There have been some great tides this month for digging clams, and we have been enjoying a bounty of the delectable bivalves. Although I could never make a living harvesting clams, it is an addictive activity. Once started, it’s hard to stop searching the mud and sand for the elusive mollusks that will burrow 8 to 14 inches.
On one day, I was able to score quite a mess of soft shell clams, hen clams and razor clams. The large surf or hen clam will grow up to 10 inches. A singe hen clam alone in the shell can weigh over a pound! We use them to make chowders and clam fritters.
The razor clam, aptly named because its long shell resembles a straight edge razor of the 18th century, is remarkably fast burrower and a good swimmer. The meat is very sweet, and slightly chewy. Research at the University of Maine indicates that this clam is a rapid grower, and reaches a length of 6 to 7 inches in less than 4 years.
There is really little equipment needed for digging clams, just a rake and a container to keep the clams. We use wooden baskets known as hods whose slats allow for easy rinsing of the clams once harvested.

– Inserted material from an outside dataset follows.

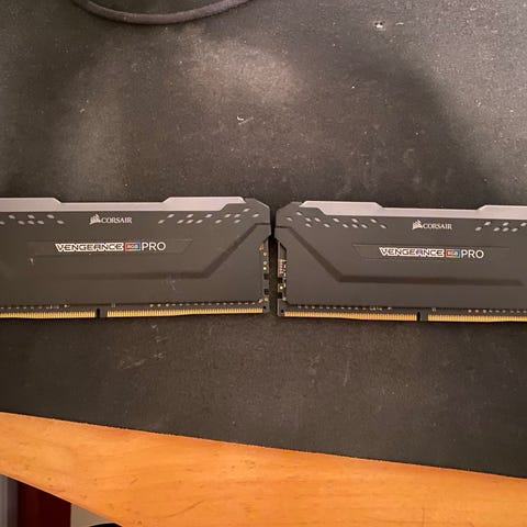 Corsair Vengeance LPX PRO RGB RAM. 16GB (2x8GB) RAM sticks der primært har været brugt til at spille CSGO/CS2. Hastighed er 3200MHz. Ville have sat standen til "Som Ny", men de har dog været brugt regelmæssigt, på trods af at de virker perfekt.

The clam is a filter feeder that filters water through its shell in order to obtain food. Because of this, clams are vulnerable to bacterial pollution, chemical contamination, and harmful algal blooms (red tide). Before digging, it is best to check the Department of Marine Resources website for possible clam flat closures. Also, many municipalities require a license. Here in Stonington, the resident license fee is $10, and $20 for nonresidents.
Clams are low in fat and calories, and are an excellent source of selenium, iron, and Vitamin B12. Because they may be quite sandy, we usually soak our clams in a pail of seawater for at least a day before cooking them.
In the recipe for Clam Dip, I used both cooked steamers and razor clams. Canned clams would work also. The food processor is handy for chopping them into uniform pieces, but when using freshly dug clams, the bellies, although quite delicious, will color the dip. Served with sugar snap peas and carrot sticks, our clam feast was the perfect addition to a great Maine summer day.
- 1 cup sour cream or Greek yogurt
- 8 ounces cooked clams chopped (about 1 cup)
- 2 tablespoons chopped fresh parsley
- 1 tablespoons ½finely chopped onion garlic scapes
- 2 teaspoons Worcestershire sauce
- 1½ teaspoon lemon juice
- ½ teaspoon salt to taste
- ¼ teaspoon red pepper flakes
- Fold together in bowl. Refrigerate overnight for flavors to marry.
- Makes about 2 cups. Serving size is 1 tablespoon.